Bank Mergers Seen Stirring New Divestitures of Mortgage Banking Assets

The rapid consolidation in mortgage banking will continue this year, according to a prominent investment banker.

Current consolidation is consistent with longer-term trends, said Brenda White, managing director for UBS Securities. She spoke at a senior executives conference in New York last week sponsored by the Mortgage Bankers Association of America.

The players and their commitment to the business have changed over the last 10 years, she said.

The catalysts driving the current merger and acquisition trend, Ms. White asserted, are cross-selling opportunities, low interest rates, the need for a balance between servicing and originations, and the liquidity of mortgage banking assets.

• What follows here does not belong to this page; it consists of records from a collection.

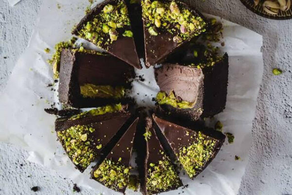 “First, if you decide to make this recipe in a 6-inch cake pan, you will create a tall, layered chocolate pistachio cake that serves at least 6 people. Each slice is so rich, you may only want a small slice. But if you use a 9-inch cake pan or tart pan, it’s shorter — therefore, it will be more like a chocolate pistachio tart. You make a no-bake chocolate crust, too — so that’s another advantage point for a pistachio tart. With the layering that happens between the base, the pistachio cream layer, and the vegan chocolate ganache, it ends up like an incredible, beautiful layered cake. I’ve decided it doesn’t really matter what you call this gluten-free pistachio chocolate creation — the most important thing is that you must taste it to believe how really good it is — while being good for you.”
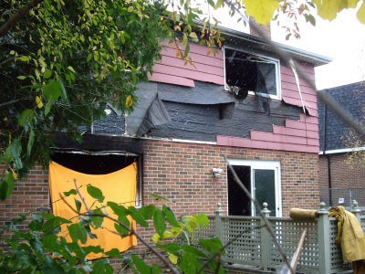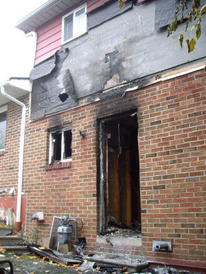 发生火灾的独立屋,除正门入口处上方屋顶均已被火熏黑之外,独立屋两侧及后方均已烧焦、门窗脱离散落,后方一大片焦黑无窗的大洞,只得临时以一大片布遮盖。
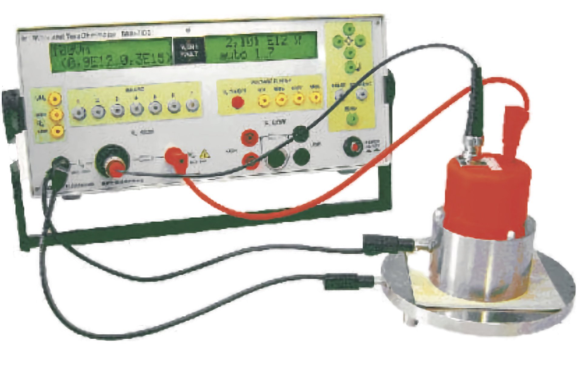 Technische Daten: Innenelektrode Ø 25 mm, Schutzring Ø 40 mm außen. Max. 500 V, Messbereiche 10^3 bis 10^15 Ω.

"Talk of cross-selling is like the search for the holy grail," Ms. White declared, adding that only recently have benefits from cross-selling been realized by large servicers.

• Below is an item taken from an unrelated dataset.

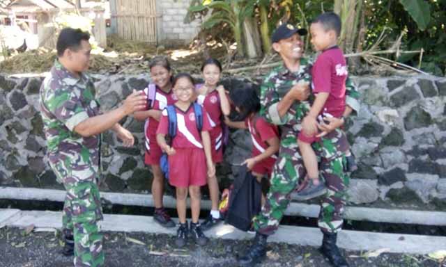 KLATEN,  Disela-sela kesibukannya melaksanakan TMMD, sejumlah prajurit yang tergabung dlm Satgas TMMD REG 96 kodiiim 0723/Klaten,memanfaatkan untuk bersosialisasi dengan warga maassyarakat. Tidak ketinggalan anak-anak yang di Desa Panggang, desa sasaran TMMD Kodim Klaten.

Some servicers had quit the business because efforts to sell mortgage customers other products were not effective, she said.

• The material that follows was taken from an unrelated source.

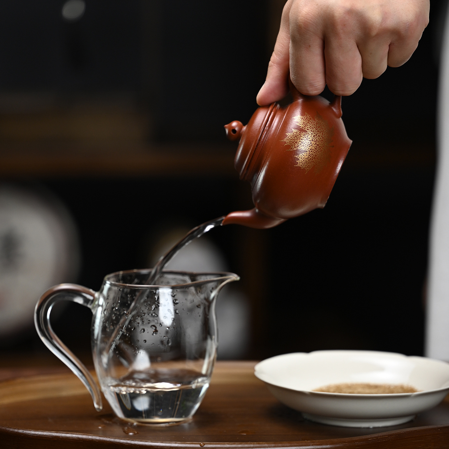 Оригинальный минерал Да Хун Пао, чистое золото ручной работы, улыбающаяся вишня, китайский стиль, посыпанный золотом, для самостоятельного использования, фиолетовый глиняный горшок Исян, чайник кунг-фу, 180 мл

"The liquidity of the market for mortgage bankers makes it easy to get in and out of mortgage assets," Ms. White said. "They can cash the assets and use the capital for other areas of their business."

The mortgage industry is known for its volatility, and some servicers have left the business once they experience that volatility, she said.

Ms. White has been through many industry trends in her 14-year investment banking career. She has been at UBS for eight months, after 11 years at Salomon Brothers. She represented American Residential Holdings in its sale to Chase Manhattan Bank, BankAmerica Corp. in its purchase of Arbor National Holdings and First Nationwide in its acquisition of Lomas Mortgage USA.

The current merger activity among commercial banks is likely to lead to more divestitures of mortgage banking assets because of overcapacity, she said.

Of the top 10 mortgage servicers in 1984, only Fleet Mortgage Group and Norwest Mortgage were among the top 10 as of last Sept. 30, Ms. White said. The market share of the top 10 has increased from 6.5% of all servicing in 1984 to 26.7%.

Now that servicing assets are put on a company's books under new accounting rules - whether the servicing was purchased or originated - the resulting added volatility might scare more servicers.

Ms. White made two predictions at the end of her presentation. She said she expected three more companies to join this year the short list of those with more than $100 billion in servicing, and she said that the public equity markets would be accessible to mortgage banking companies.